Coldheart Canyon by Clive Barker. Part five. Chapter 5, 6, 7, 8

“What?” she said.

“Listen.”

Tammy listened. She heard nothing, so she shook her head.

“Listen,” he said again, and this time she heard what he was drawing her attention to. The windows were shaking. So were the doors. The cutlery on the sink was rattling; as were the plates in the cupboards.

She let the slice of pie drop from her fingers, her appetite suddenly vanished.

“What’s going on?” she wanted to know.

“They’re downstairs,” Zeffer said, his voice tinged with superstitious awe. “Todd and Katya. They’ve gone downstairs.”

“What are they doing there?”

“You don’t want to know,” Zeffer said hurriedly. “Please. I beg you. Let’s just go.”

The windows were shaking with mounting violence; the boards creaked beneath their feet. It was as though the entire structure of the house was protesting about whatever was happening in its midst.

Tammy went to the kitchen sink, ran some cold water, and washed the food from around her mouth. Then she skirted around Zeffer and headed to the door that led to the turret and the staircase.

“Wrong direction,” Zeffer said. He pointed to the other door. “That’s the safest way out.”

“If Todd’s down there, then that’s the way I want to go,” Tammy said.

As she spoke she felt a blast of chilly air coming up from below. It smelled nothing like the rest of the house, nor of the gardens outside. Something about it made the small hairs at her nape prickle.

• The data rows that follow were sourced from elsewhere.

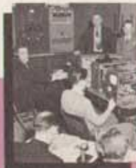
Mobile TV Control from St. Joseph's
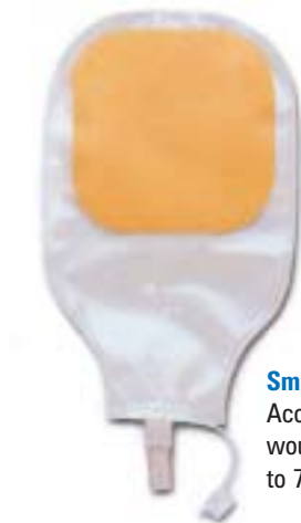
Small Accommodates wounds up to 7.6cm
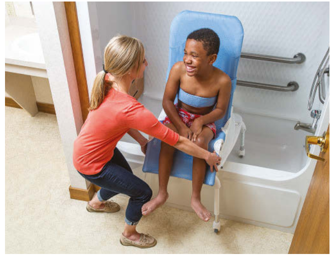
2. Press either of the gray pivot latches and rotate the bath chair and client over the tub.
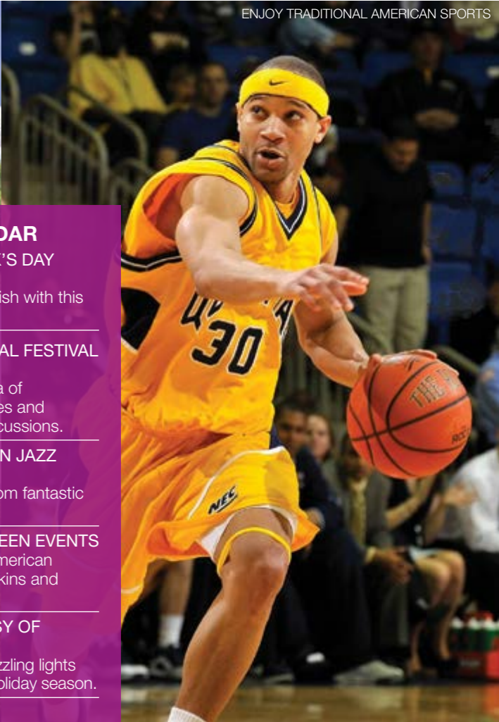
ENJOY TRADITIONAL AMERICAN SPORTS
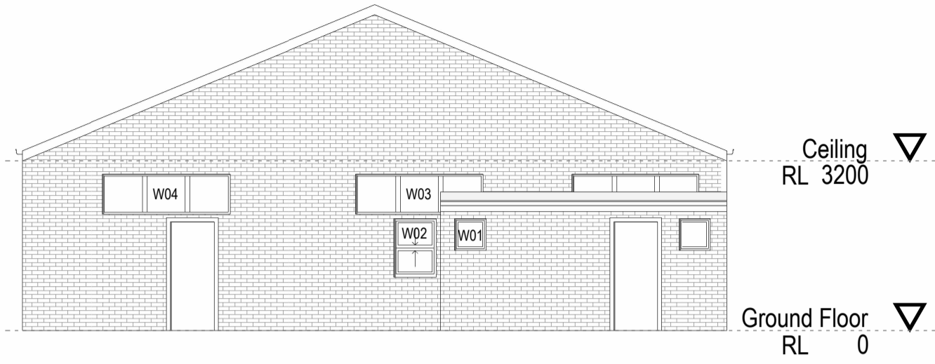
1 South Elevation 1 : 100
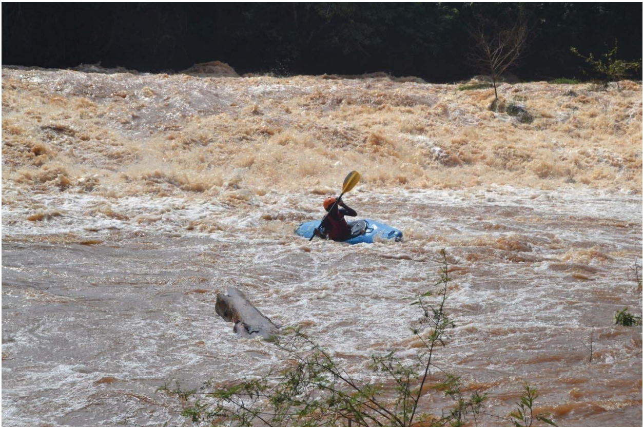
Sagana Racing Course High water season (May)
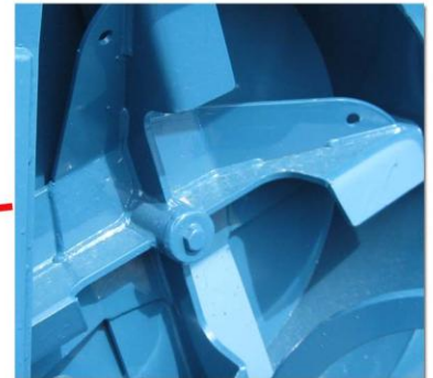
All blowers equipped with 4 blade fan
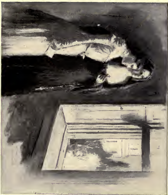
“STANDING AT THE WINDOW OVERLOOKING THE CONVENT GARDEN”
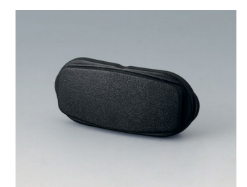
B2811209 End part ASA+PC (UL 94 V-0) black RAL 9005
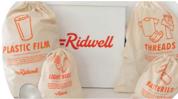
Collection bags and bin provided to customers by Ridwell.

The existing Ridwell facility receives source-separated recyclable materials, reusable materials, and certain special wastes (such as a batteries and lightbulbs) that are collected as part of Ridwell's subscription service. Ridwell provides doorstep collection of hard-to-recycle items including plastic film, multi-layer plastics, batteries, light bulbs, clothing, plastic clamshell takeout containers, Styrofoam, as well as a rotating category of reusable items such as handheld tools, bike accessories and holiday lights for the purpose of reuse or recycling. Generators source-separate items into cloth or plastic bags provided by Ridwell and place the bags into or near the Ridwell-provided doorstep bin on the day of collection.

She looked back down at Zeffer, with a question on her face.

“I think I need to tell you what’s down there before you take one more step,” he said.

Outside, the spirits of the dead waited and listened. They had heard the door that led into the Chamber of the Hunt opened; they knew some lucky fool was about to step into the Devil’s Country. If they could have stormed the house and slipped through the door ahead of him, they would have gladly done so, at any price. But Katya had been too clever. She had put up defenses against such a siege: five icons beaten into the threshold of each of the doors that would drive a dead soul to oblivion if they attempted to cross. They had no choice, therefore, but to keep a respectful distance, hoping that some day the icons would lose their terrible potency; or that Katya would simply declare an amnesty upon her guests and tear the icons out of the thresholds, allowing her sometime lovers and friends back inside.

Meanwhile, they waited, and listened, and remembered what it had been like for them in the old days, when they’d been able to go back and forth into the house at will. It had been bliss, back then: all you had to do was step into the Devil’s Country and you could shed your old skin like a snake. They’d come back to the chamber over and over, so as to restore their failing glamour, and it had dutifully soothed away their imperfections; made their limbs sleek and their eyes gleam.

All this was kept secret from the studio bosses, of course, and when on occasion a Goldwyn or a Thalberg did find out Katya made sure they were intimidated into silence. Nobody talked about what went on in Coldheart Canyon, even to others that they might have seen there. The stars went on about their public lives while in secret they took themselves up to Coldheart Canyon every weekend, and having smoked a little marijuana or opium, went to look at the Hunt, knowing that they would emerge rejuvenated.

There was a brief Golden Age, when the royalty of America lived a life of near-perfection; sitting in their palaces dreaming of immortality. And why not? It seemed they had found the means to renew their beauty whenever it grew a little tired. So what if they had to dabble in the supernatural for their fix of perfection; it was worth the risk.

Then — but inexorably — the Golden Age began to take its toll: the lines they’d driven off their faces began to creep back again, deeper than ever; their eye-sight started to fail. Back they went into the Devil’s Country, desperate for its healing power, but the claim of time could not be arrested.